For information about recent customs and duties developments in light of COVID-19, including provisions related to medical equipment, read KPMG report: Customs measures in response to coronavirus (COVID-19) [PDF 1 MB].
In addition to the other forms of relief discussed earlier in this report, the CARES Act provides some forms of assistance that are aimed at small businesses. Independent physicians and practice groups may be eligible for loans under the Small Business Administration-administered Paycheck Protection Program (PPP). PPP loans are forgivable when the applicable requirements are met, but may not be used in conjunction with certain tax benefits under the CARES Act, such as the refundable employee retention tax credits. Practices need to be mindful of affiliation and aggregation rules when considering their eligibility for programs aimed at small and mid-sized businesses.

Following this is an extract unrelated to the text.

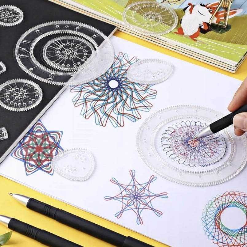 - ŁATWOŚĆ UŻYCIA CZYLI KREATYWNA ZABAWA I EDUKACJA - spirograf to zabawka geometryczna, która łączy naukę z rozrywką, pozwalając dzieciom (i dorosłym) na tworzenie pięknych i złożonych wzorów matematycznych. Przesuwając cienkopis po otworach koła, można tworzyć fascynujące wzory. Dzięki precyzyjnym krawędziom i zębatym wykończeniom, wzory rysowane przy użyciu zestawu Spirograf są harmonijne, a jednocześnie kreatywnie złożone. Zabawka pozwala rozwijać zdolności manualne, wyobraźnię oraz uczy zasad geometrii w sposób interaktywny i ciekawy.
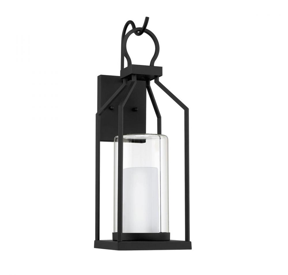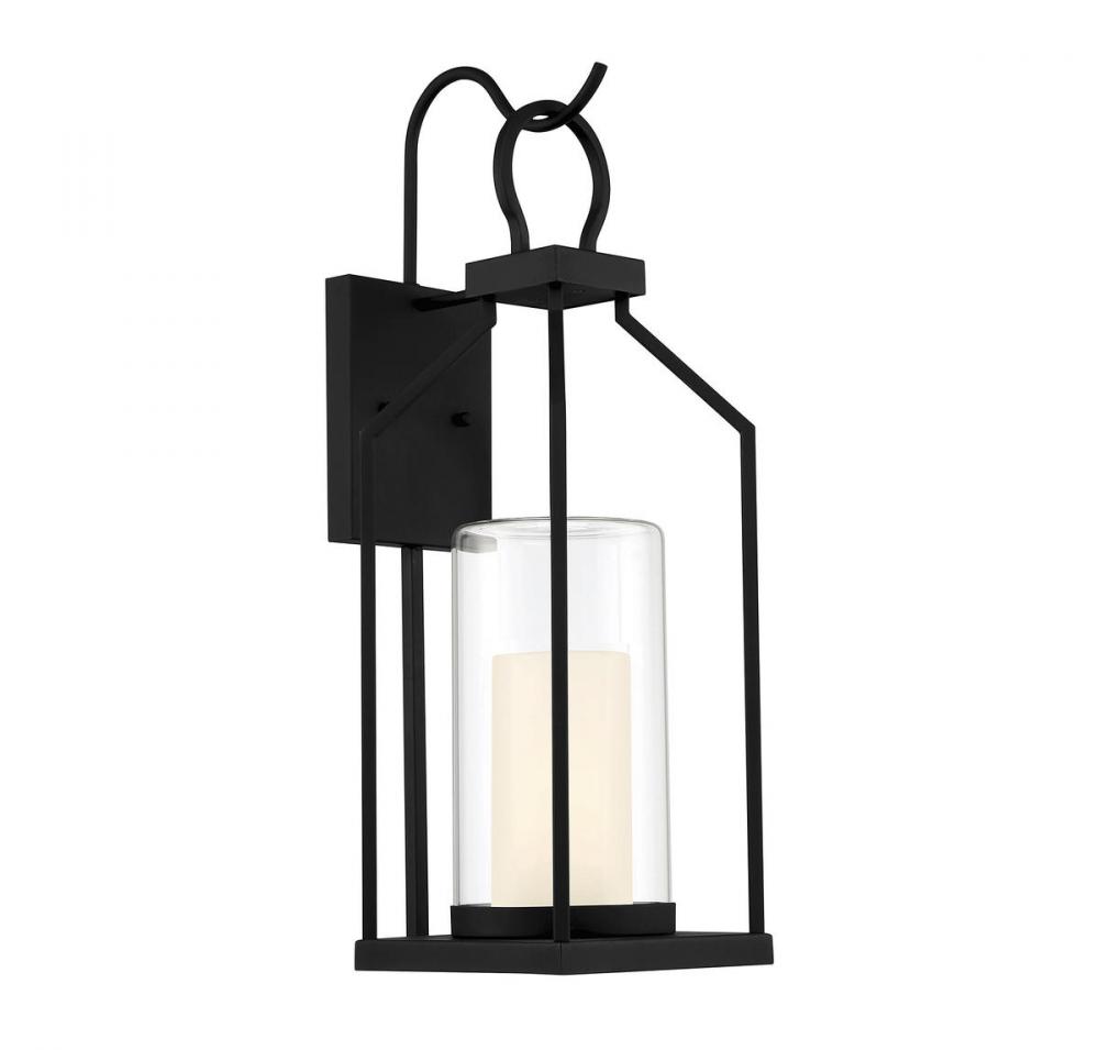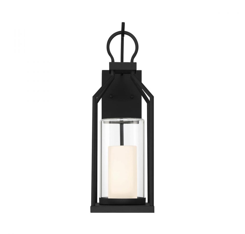 Light the way home with the lantern-inspired style of the Savoy House Hamilton 1-light outdoor wall light. A white opal glass shade, held within a protective clear glass shade, recalls the look of candlelight. The matte black finish makes Hamilton a great choice for lighting a wide variety of homes. Hamilton is 23.5" in height, 7.5" in width and extends 9.5" from the wall. It uses one candelabra size bulb of up to 60 watts per bulb. Wet area rated.

For more information about the lending programs under the CARES Act, read KPMG report: Lending programs under CARES Act, including interactions with tax provisions.
The financial repercussions of COVID-19 and social distancing have reached every sector of the economy, resulting in significant unemployment and growing numbers of uninsured patients. Healthcare providers—particularly those that are required to be compliance with section 501(r)—need to consider reviewing their financial assistance policies and their billing and collection procedures, and check for compliance and institute proper adoptions of updates when needed. Hospitals that are conducting Community Health Needs Assessments need to consider the impact of both COVID-19 and the resulting rise in unemployment on the health needs in their communities, and they may want to also take stock of their preparedness for future epidemic episodes.
The CARES Act increases the deduction limitation for charitable contributions by both corporate and individual taxpayers (itemizers and non-itemizers) for donations made in 2020. Donations do not need to be earmarked for uses directly related to COVID-19.
The major disruptions wrought by COVID-19 have led to both immediate and longer-term challenges for all healthcare organizations—the future will most certainly not look much like the past. As organizations adapt, operational models will change and business leaders across the organization will be reassessing how they do things and how to prepare for the challenges of tomorrow.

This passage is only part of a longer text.